Ольга, помнившая бои на Забайкальском фронте, легко представила себе положение партизан, вынужденных скучиться на последнем рубеже, в Молчановке. Однако Борис Кларк любил говорить, что безвыходные положения заставляют нас собрать все силы и увидеть, на что мы способны. И судя по сообщениям из Амурской области, куда прорвалась часть партизан из Сучанской долины, интервентам не удалось сломить дух сопротивления. В Амурской области тоже началась «рельсовая война». Амурская железная дорога подверглась разгрому на протяжении от станции Ерофей Павлович до самой Волочаевки. Народная борьба не затихала ни на один день.
Ольгу тревожило отсутствие вестей о Сергее.
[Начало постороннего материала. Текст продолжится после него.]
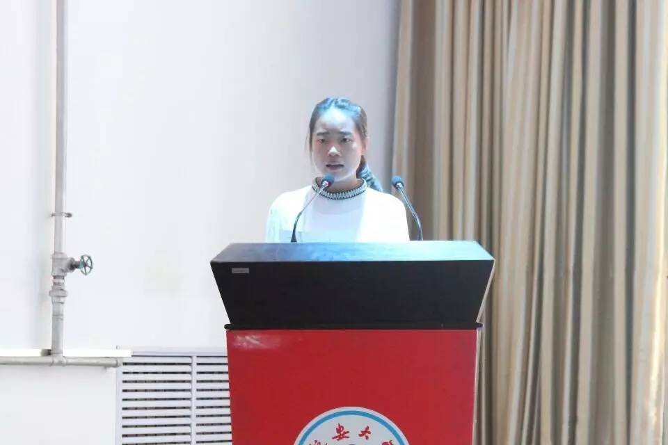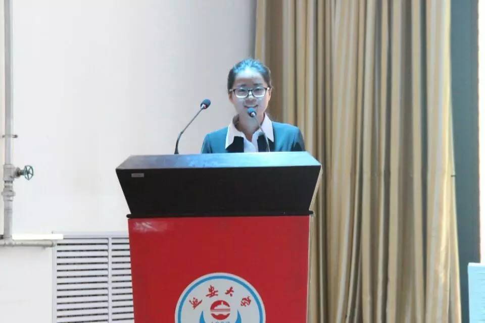 我院高年级代表应化14的刘咪,新生代表化工16的董夏昕先后做了发言,交流大学感想与经验。接着,院党委副书记刘雨录作入学教育报告,从五个具体方面为新同学指引了前进的道路。最后,院党委书记舒永安作总结讲话。舒书记首先让新同学明白了大学不是象牙塔和伊甸园,是个开放的平台。大家要树立两个奋斗目标,学知识和学做人。在延安大学这个大学堂,化工学院这个大家庭中,不忘初心,继续前进,做合格大学生。主持人团委书记韩盟最后以一首慷慨激昂的诗为本次典礼画上了一个完美的句号。
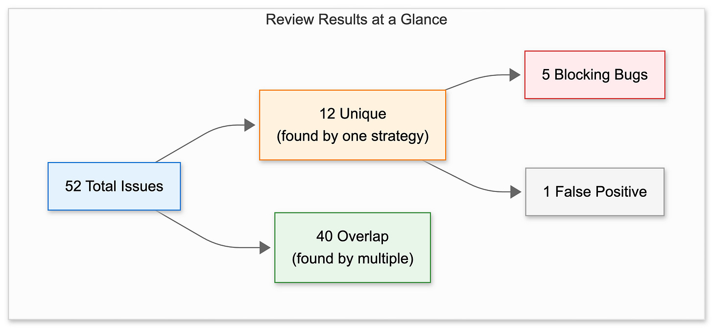 The three strategies flagged 52 issues total. Of those, 40 were found by multiple strategies (useful validation), but 12 were unique to a single approach. Five of those 12 would have broken production. Only one was a false positive.
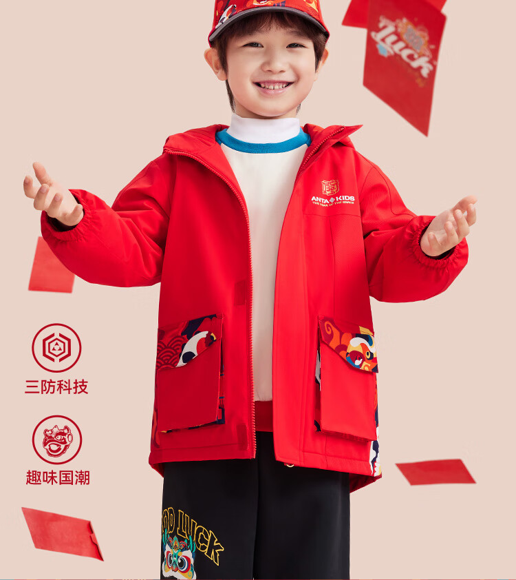 安踏儿童男童摇粒绒运动上衣2025春保暖新年款厚外套352519613
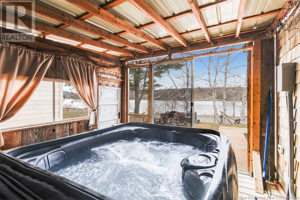Stunning Sunsets & Tranquil Mornings Await. This 3 bedroom, 2 bath Executive Bungalow holds unmatched panoramic views of the Saint John River, with world class fishing & boating right at your door step, making this a rare find & truly one level living at its finest. As an added bonus, the property includes a stand alone Luxury Cottage - 2 bedrooms, a full bath with open concept kitchen & living area, a private hot tub, steam sauna, & outdoor shower; perfect for guests or as potential income. With combined 2500 sq ft of finished space both dwellings were built with timeless style and comfort in mind. The main home centres around an open concept kitchen, living room with vaulted ceiling, exposed beam, cozy Pacific Energy Wood Stove, and hardwood floors throughout. The front of the home offers panoramic water views with access to multiple decks for dining, leisure and relaxation in a second covered hot tub. The kitchen has abundant storage with beautiful glass cabinetry, large centre island, walk-in pantry, and double farmhouse sink. The main bath is a real dream with heated floors, spacious barrier free tiled shower & double soaker bathtub. This is not your typical waterside property. This is a lifestyle where you can relax using your own spa like amenities, launch your boat right from your front yard and never worry about flooding, as the head pond is above the Mactaquac Dam. Vendors are related to the listing sales person who is licensed with the province of New Brunswick (id:19018)
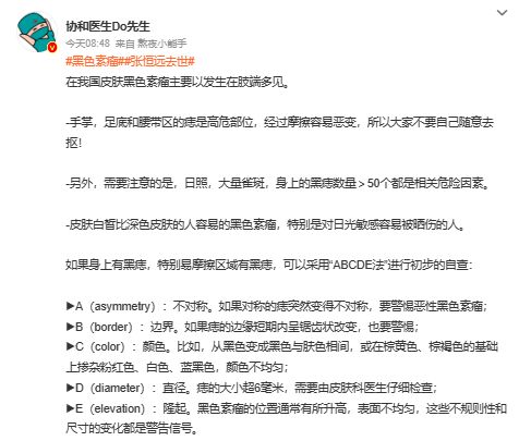 张恒远去世的消息很快引爆热搜,许多人也把目光盯向了导致张恒远离世的罪魁祸首——黑色素瘤。
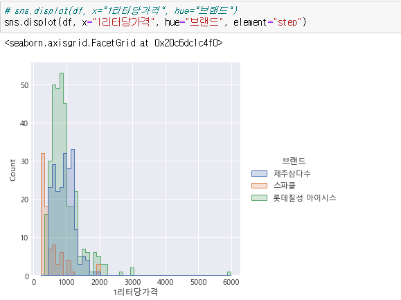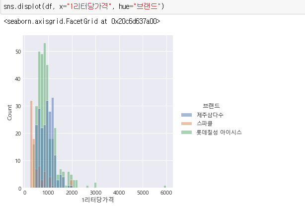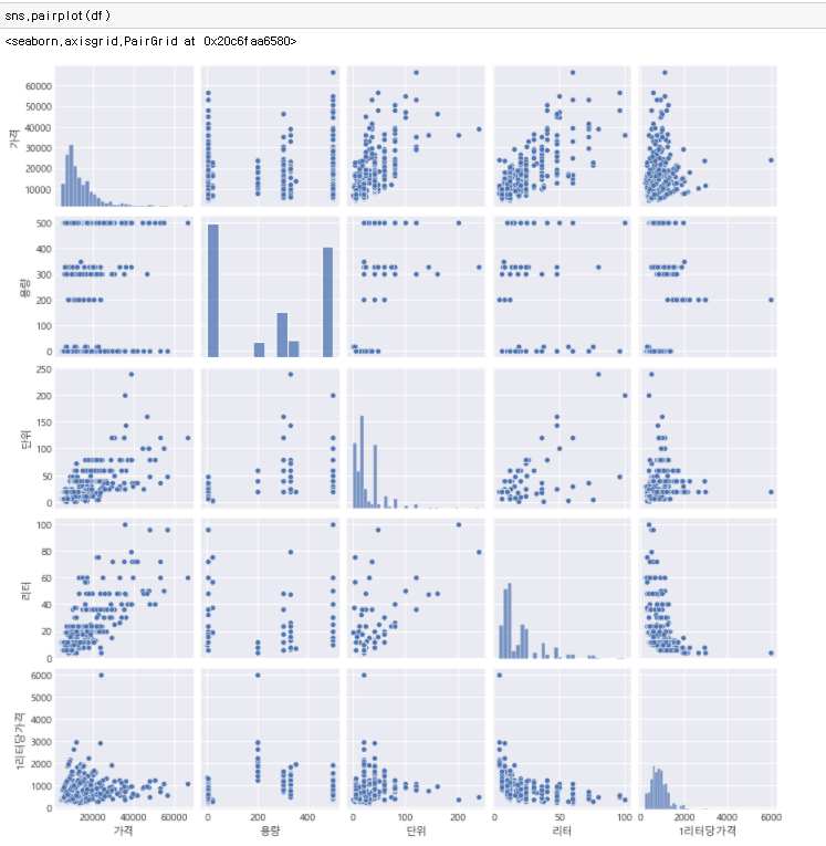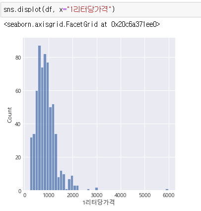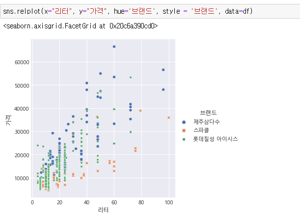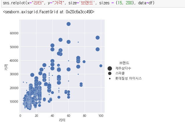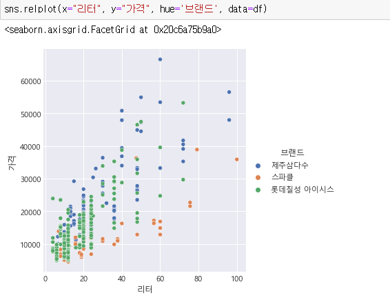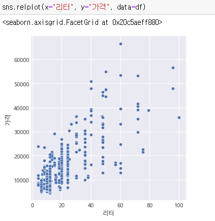 리터와 가격의 replot입니다.
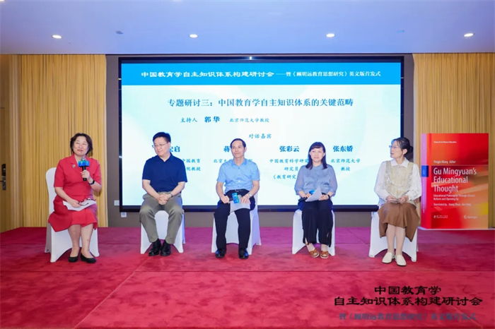 第三场专题研讨由北京师范大学褚宏启教授做引导报告,北京师范大学郭华教授主持圆桌研讨,北京大学蒋凯教授、《教育研究》主编张彩云研究员、北京师范大学张东娇教授围绕“中国教育学自主知识体系的关键范畴”主题展开对话。
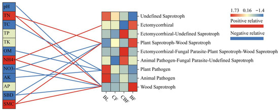 A correlation analysis showed that soil TN, NH4+, and SMC were significantly positively correlated with fungal functional abundance. Additionally, plant saprophytic fungi—wood saprophytic fungi were positively correlated with soil TN and SMC, while wood saprophytic fungi were positively correlated with soil TN, NH4+, and SMC. There was a significant negative correlation between soil pH, TC, NO3, AK, and BD and soil fungal functional abundance.
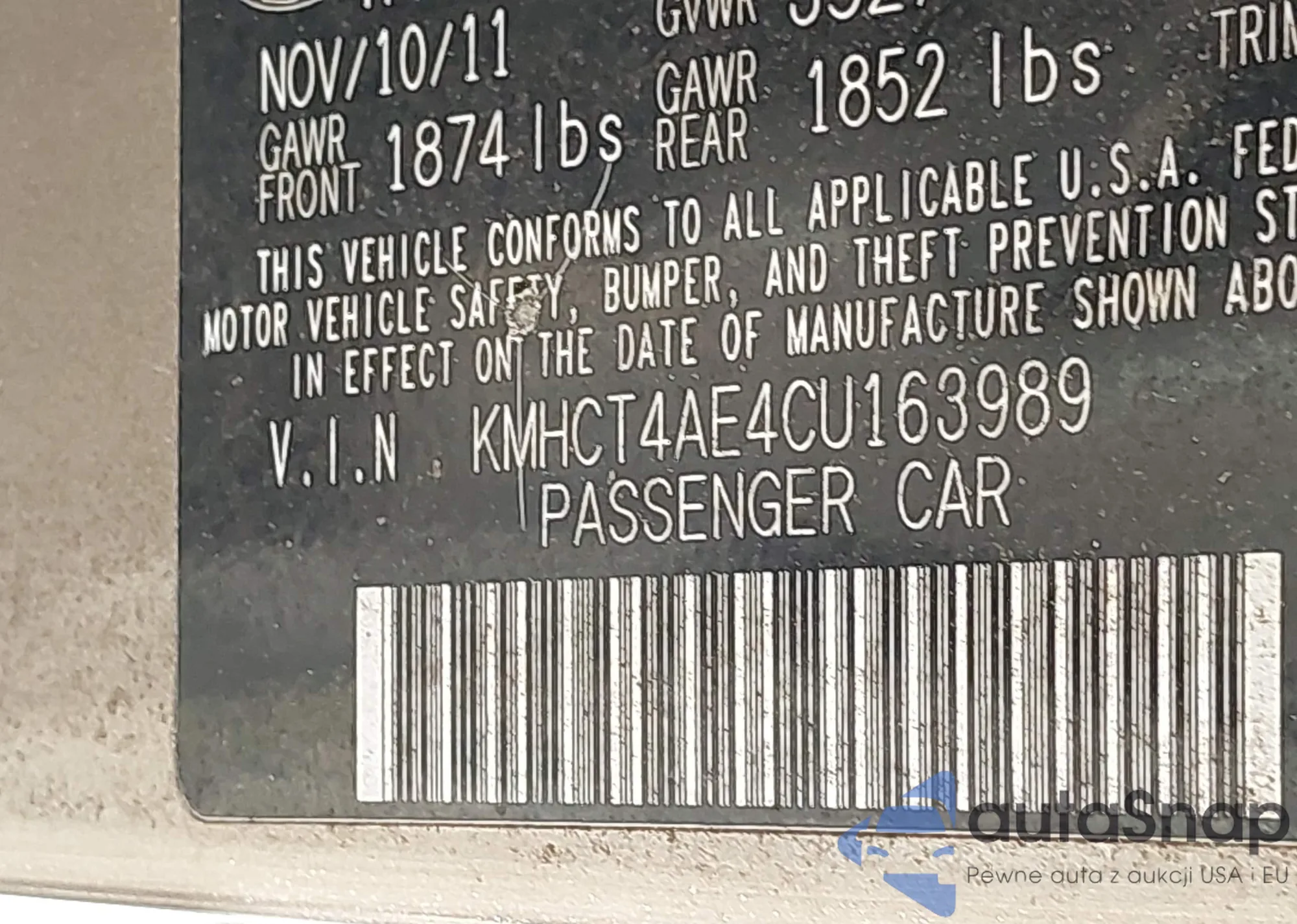 • VIN KMHCT4AE4CU163989

Утешало одно: если бы с ним что случилось, об этом сразу стало бы известно. Значит, жив. Может быть, ранен? Или заболел настолько тяжело, что свалился с ног? Больные почки донимали его постоянно. А беречься он не умеет. Не умеет болеть!
Долгими вечерами, искупав ребенка и уложив его спать, обе женщины располагались за столом и за чаепитием вели нескончаемые разговоры.
Потрескивала лампа, ребенок сладко спал. Под завывание ветра женщины вполголоса разговаривали о самом сокровенном. В разговорах они не замечали времени.
Если было слишком поздно, Мария оставалась ночевать. Забравшись под одеяло, она дожидалась, когда Ольга погасит лампу, и принималась рассуждать о том, что полоса временных неудач уже как будто позади. Доказательства? Повальное разложение в колчаковской армии. Офицеры поголовно пьянствуют. Ожесточенная грызня идет в самой верхушке. Поговаривают, что атаманы Семенов и Калмыков уже открыто не выполняют распоряжений самого «верховного», адмирала Колчака. Но самое главное — настроение солдатской массы. Воевать осточертело всем. Частичный успех в июле голову не вскружил. Борьба с народом теряла всякую перспективу и подходила к логическому концу. Это понимал сейчас даже самый забитый солдатишка.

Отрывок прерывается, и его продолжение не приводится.